## What you are asked to do:
All lines from the one containing "手に手つないで 会場全体から通路までの大輪" through the last line of the listing below are to be copied exactly. Exclude the pictures.

_ _ _

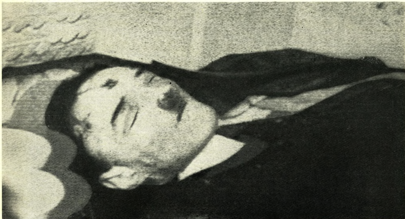
HITLER BEGIK SELVMORD. Russerne hævder, at de har dokumentarisk bevis for, at Hitler begik selvmord ved at skyde sig igennem munden uden for Rigs-kancelli-bunkerens i Berlin. De har frigivet nogle billeder, som findes på filmen „De erobrede Berlin“. Filmen blev taget af fotografen Ivan Panov med Lev Danilov som producent i slutningen af april og de første dage i maj 1945, mens russere og tyskere kæmpede om den tyske hovedstad.

Højeste aldersgrænse for at komme i betragtning ligger omkring 35 år. Den danske forening Norden, Malmøgade 3, København Ø., giver yderligere oplysninger.
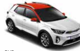
RUD (Clear White / Aurora Black Pearl)
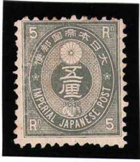
HH3-01 旧小判5厘 OH 藁11L 糊少乱 未使用 46 ¥3,300
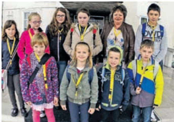
Letošnji nagrajenci na državnem natečaju Evropa v šoli so nagrade prejeli v petek v Ljubljani.

Kar 5 mladih Šalečanov v Ljubljani prejelo nacionalne nagrade za svoja dela
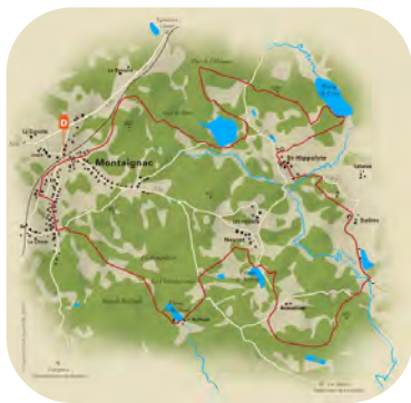
Randonnée Les étangs du Doustre (départ de Montaignac) 16 km / 4 heures / Facile

Montaignac-sur-Doustre est une commune nouvelle créée le 1er janvier 2022 après fusion des communes de Montaignac St-Hippolyte et Le Jardin. Sa superficie est de 32,7 km 2 et sa population de 674 habitants. Son altitude moyenne est de 600 m avec un territoire boisé aux deux tiers. Elle compte 2 églises romanes, une chapelle avec vitraux remarquables, un château privé, un chêne quadricentenaire « de Sully », plusieurs étangs et un superbe site naturel aménagé aux cascades du Doustre.
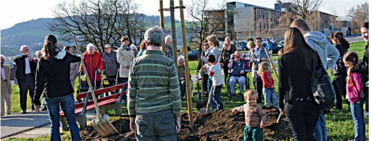
Gross und Klein greift zur Schaufel: Das Kirchfeld bekam zum 10-Jahre-Jubiläum eine Linde.
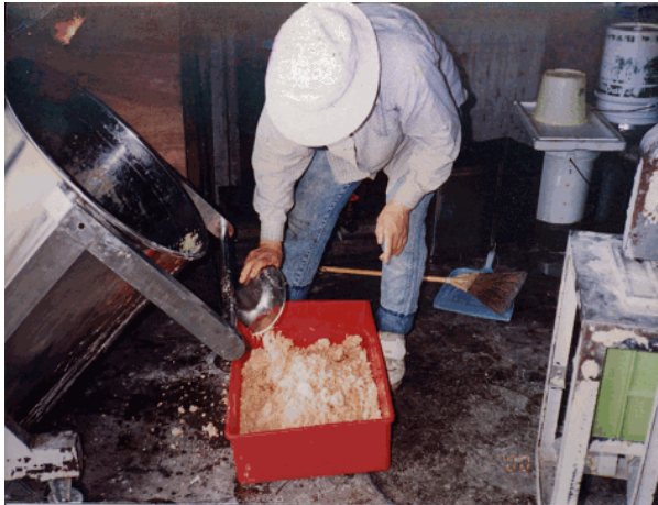
せっけんの加工状況。農家の女性達を中心となり、食用廃油を粉せっけんや固形せっけんに加工し販売。
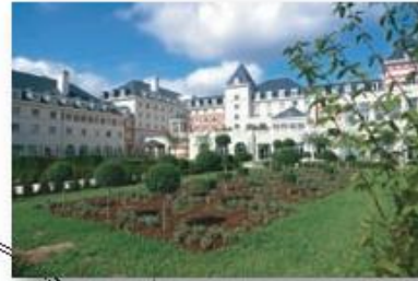
PARC HOTELIER DU VAL DE FRANCE
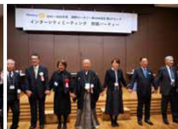
手に手つないで 会場全体から通路までの大輪
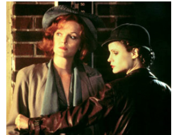
1996 KANSAS CITY (Kansas City) de Robert Altman avec Jennifer Jason Leigh

_ _ _

## Answer space:
手に手つないで 会場全体から通路までの大輪
1996 KANSAS CITY (Kansas City) de Robert Altman avec Jennifer Jason Leigh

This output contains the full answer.